Declaring pipeline units of type step.

Note

The pipeline unit is registered based on should_include directive - see documentation for more info.

The following example shows all the configuration options that can be applied for a step pipeline unit type. See respective sections described below for more info. Also note, the example shows all the options that can be supplied and is not semantically valid (not all options can be supplied at the same time):

name: StepUnit
type: step
should_include:
  # See should_include section for more info.
match:                                            # Criteria to trigger run of this pipeline unit.
  package_version:                                # Matching criteria for a package that is about to be included to the resolver's state.
    name: flask                                   # Optional name of the package for which the unit should be registered. If name is not provided, the unit is run for any package matching also other directives.
    version: '>1.0,<=1.1.0'                       # Version specifier for which the unit should be run. If not provided, defaults to any version.
    index_url: 'https://pypi.org/simple'          # Package source index for which the unit should be run. If not provided, defaults to any index. Can be negated using "not".
    develop: false                                # If specified, match development or not development dependencies.
  state:                                          # Optional, resolver internal state to match for the given resolution step.
    resolved_dependencies:
    - name: werkzeug                              # Dependencies that have to be present in the resolved state. The semantics for each entry is same as for package_version directive.
      version: '==1.0.0'
      index_url: 'https://pypi.org/simple'
      develop: false
run:
  score: 0.42                                     # Optional score assigned to the step performed in the resolution.
  justification:
  - type: INFO
    message: Hello, Thoth!
    link: 'https://thoth-station.ninja'

  not_acceptable: Bad package inclusion           # Block including certain package during the resolution.

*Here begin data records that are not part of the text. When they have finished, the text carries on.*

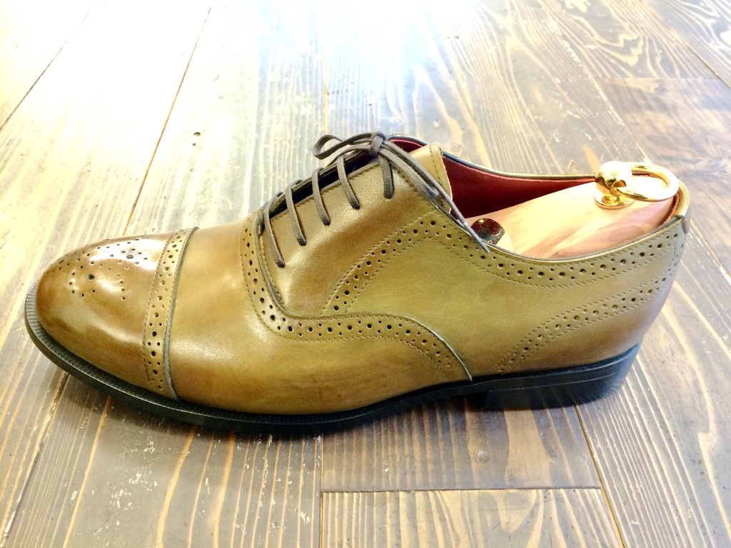 内羽根のストレートチップなのにカーキ系のグラデーションパティーヌなやつ
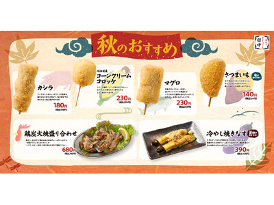 【食欲の秋 串カツ田中の秋】秋の新メニューが9月11日より販売開始!大人気の「さつまいも」串の復活や秋冬の定番「ちりとり鍋」など計14種類!
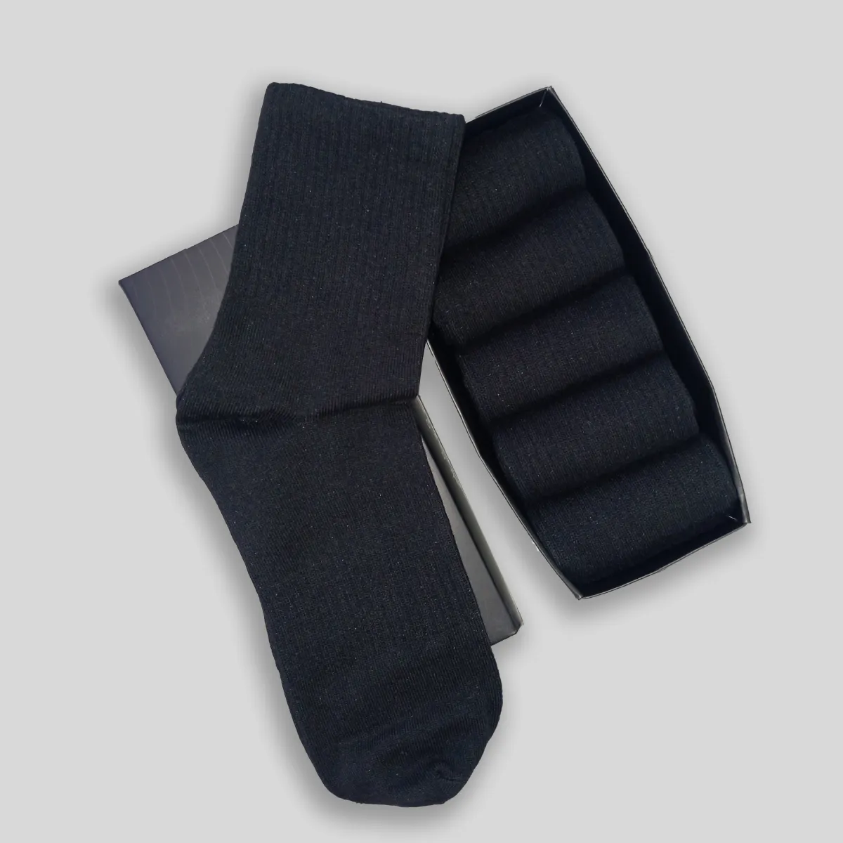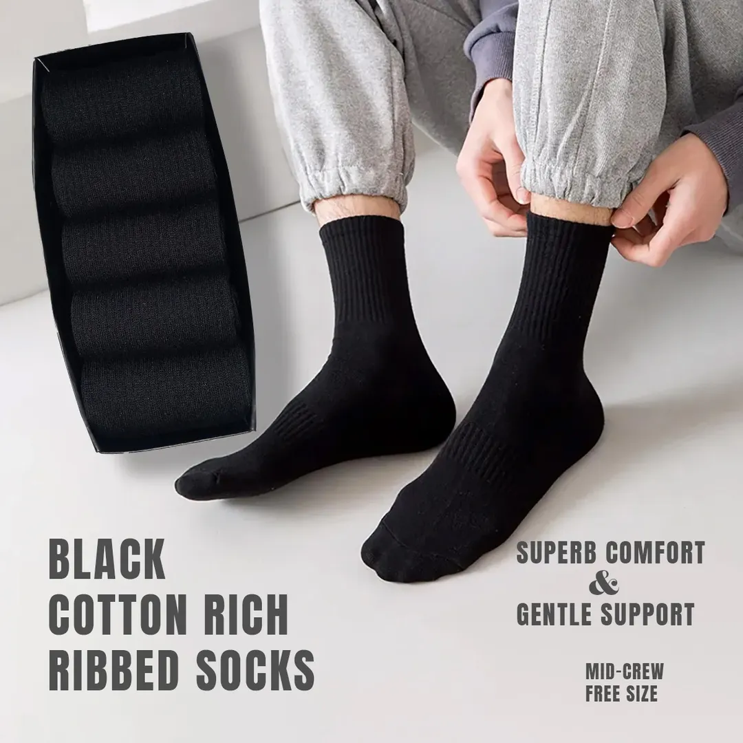 Everyday Lifestyle Solid Black Rib Mid-Crew Socks:
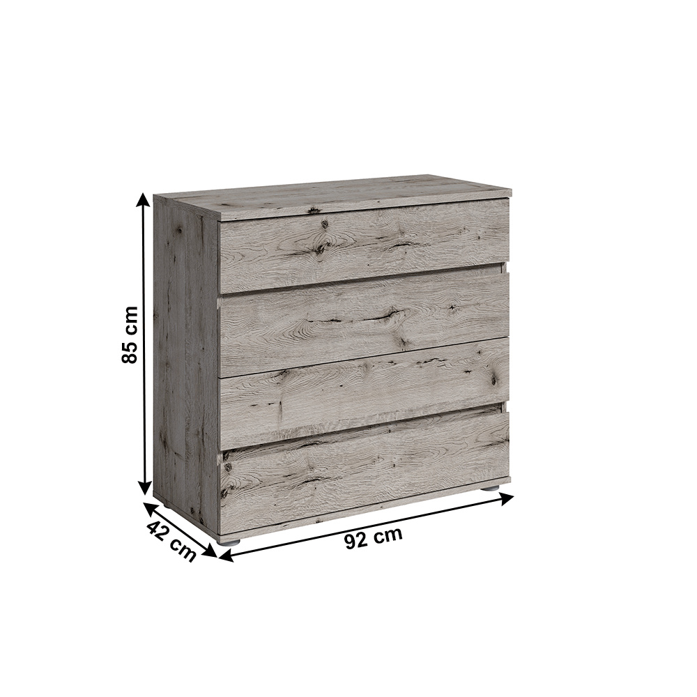 Materiál konstrukce: DTD laminovaná Barva: dub Welington Rozměry (ŠxHxV): 92x42x85 cm Nosnost: 10 kg Se 4 zásuvkami na nožičkách Pevná a stabilní konstrukce Komodu doporučujeme připevnit ke stěně Ze ložnicové sestavy Togos Dodávané v demontu
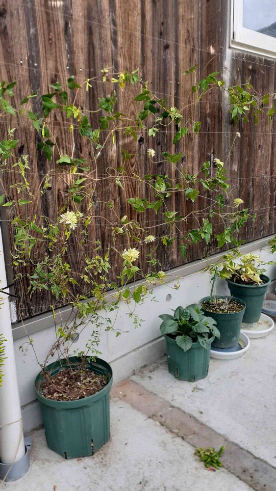 4枚目は植え替えて壁面誘引した白万重。
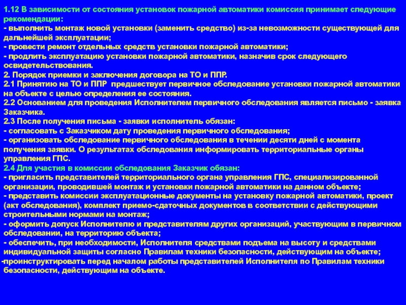 Слайд 41.12 В зависимости от состояния установок пожарной автоматики комиссия принимает
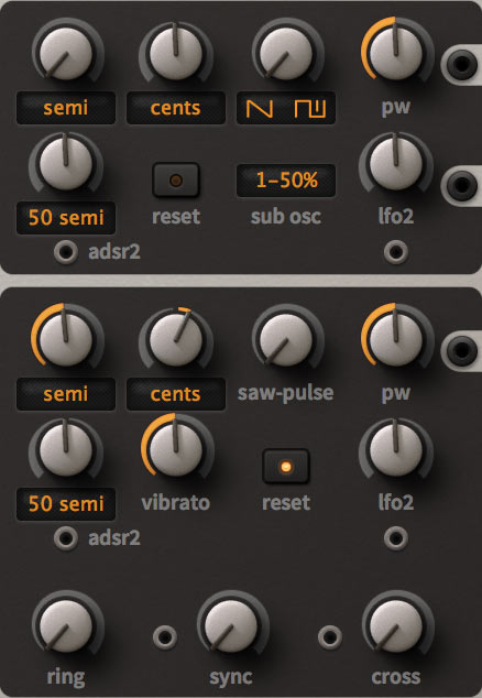 The two VCOs act as the main sound generators, but as ACE does not differentiate between audio and control (modulation) signals, the full-range LFOs can also be used to generate audio frequencies.
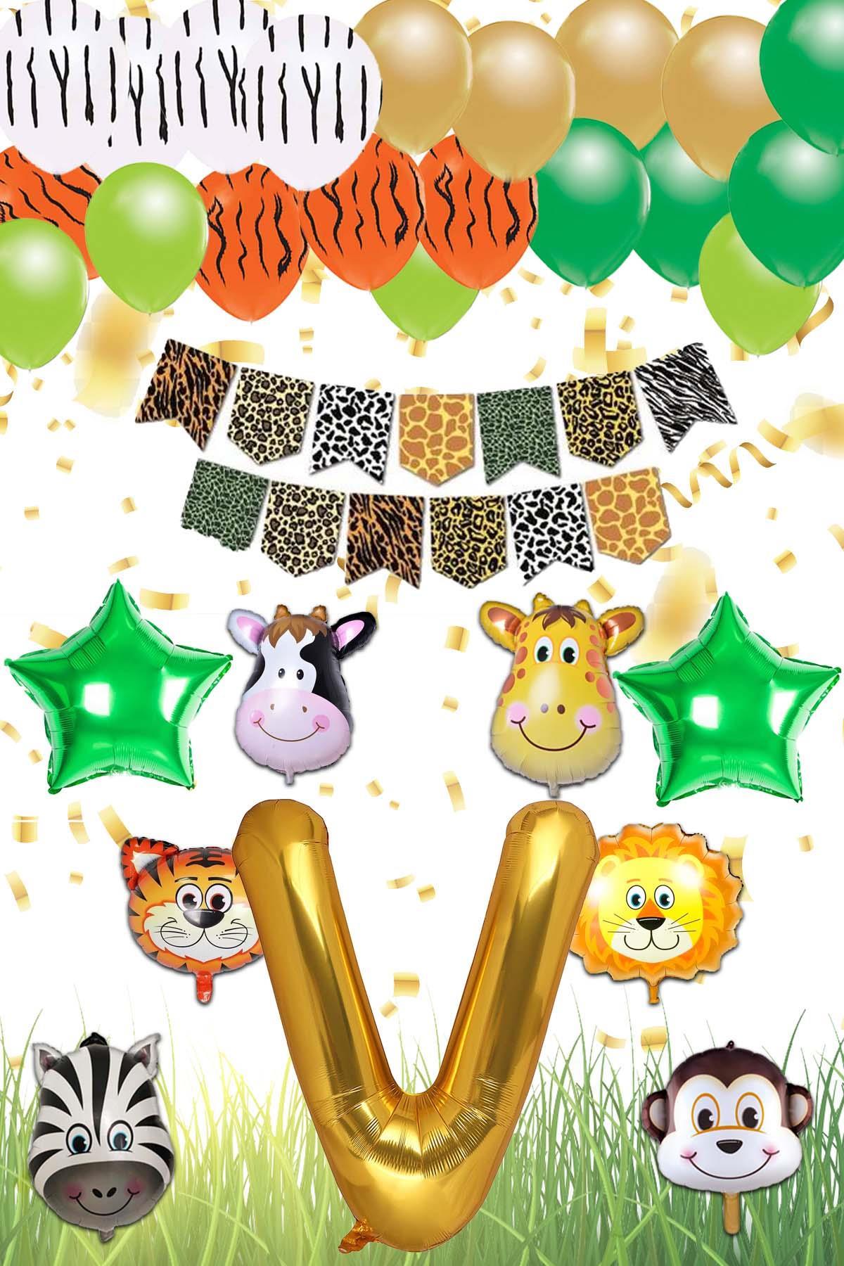 Safari Konsepti V Harfli Doğum Günü Parti Kutlama Seti; Harf ve Yıldız Folyo, Banner ve Balon Zinciri
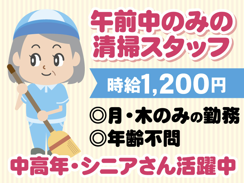 富山県射水市【午前中だけの施設内清掃スタッフ】午前中のみ/週2日の勤務/中高年・シニアさん活躍の募集内容
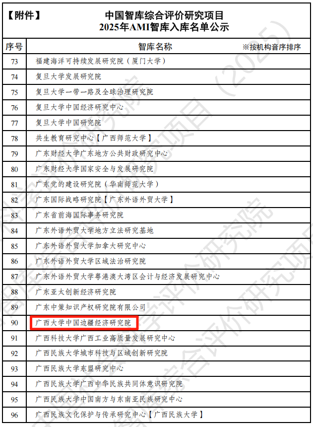 附件:中国智库综合评价研究项目(2025)AMI智库入库名单
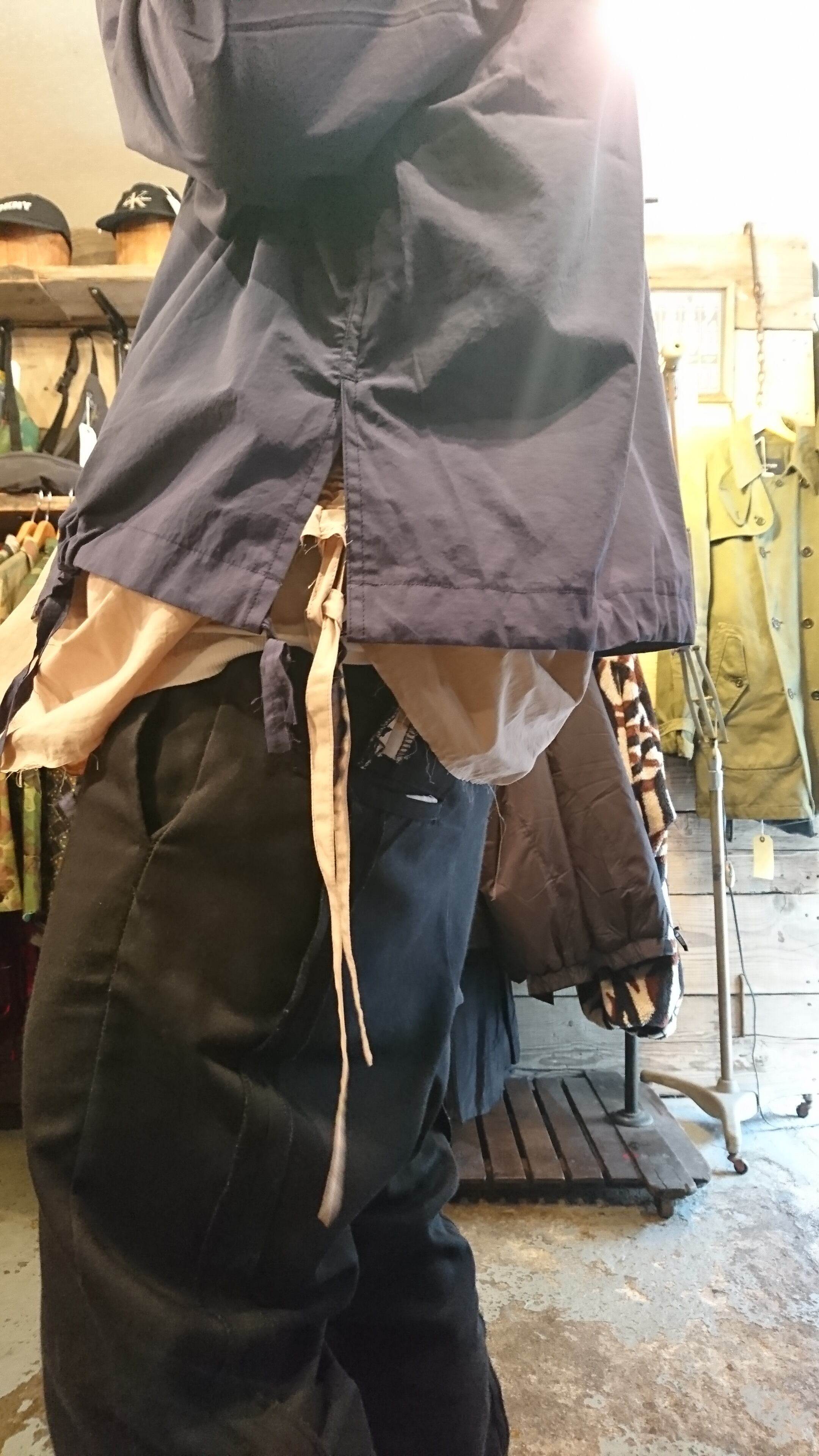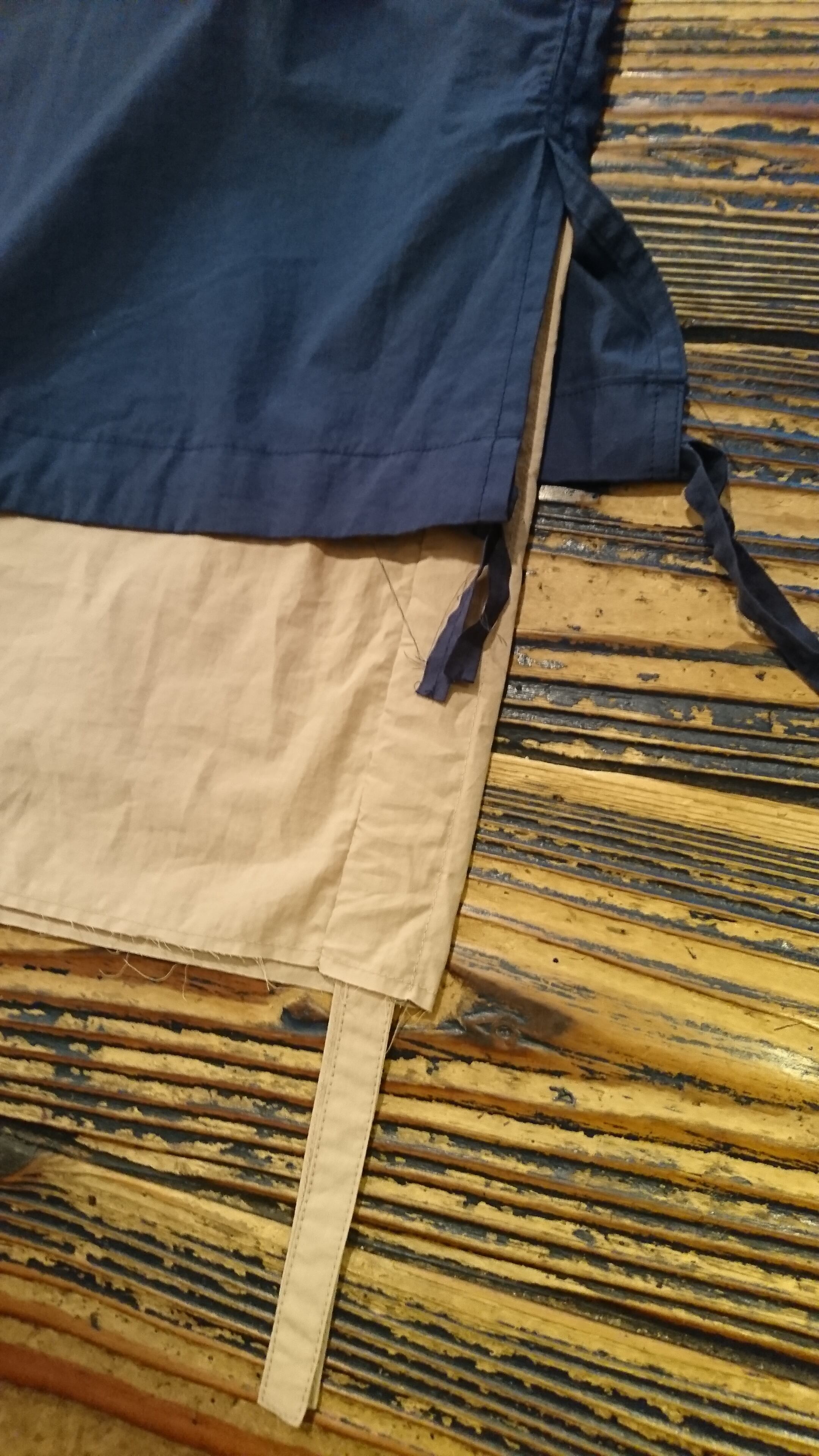 表地には80/-の強撚糸のタイプライター生地を使用。上側、下側それぞれの共地テープを絞る事で

  # Configuration of prematurely terminating the resolution process.
  eager_stop_pipeline: Stop pipeline

  multi_package_resolution: false                 # Run this pipeline multiple times when matched mutliple times. Defaults to false if not provided.

  log:                                            # Optional text printed to logs when the unit gets called.
    message: Some text printed to log on pipeline unit run
    type: WARNING

  stack_info:                                     # Information printed to the recommended stack report.
  - type: WARNING
    message: Hello, world!
    link: 'https://thoth-station.ninja'           # A link to justifications or a link to a web page.

Step match

Match the given step performed in the resolution process. A step is described by state stating required resolved dependencies so far and package that is about to be resolved (added to the resolved dependencies listing):

  • package_version - package that is about to be resolved by adding it to the resolver’s state

    • name - optional, name of the package

    • version - optional, version in a form of version specifier

    • index_url - optional, Python package index URL, can be negated using not

    • develop - optional, if provided it additionally specifies if the dependency should or should not be a development dependency

  • state - internal resolver’s state with resolved dependencies

A state that needs to be met to trigger the given step pipeline. The state can state:

  • resolved_dependencies - optional listing of resolved dependencies:

    • name - optional package name that has to be stated in the resolved dependency listing

    • version - optional package version in a form of version specifier that has to be stated in the resolved dependency listing

    • index_url - optional package index from which the given package is consumed, can be negated using not

    • develop - optional boolean stating whether the package is or is not in the development dependency listing

  • package_version_from where each entry describes packages that introduced the matched package. Each entry can state directives as in package_version. If multiple entries are stated, each entry has to introduce matched package_version as a dependency.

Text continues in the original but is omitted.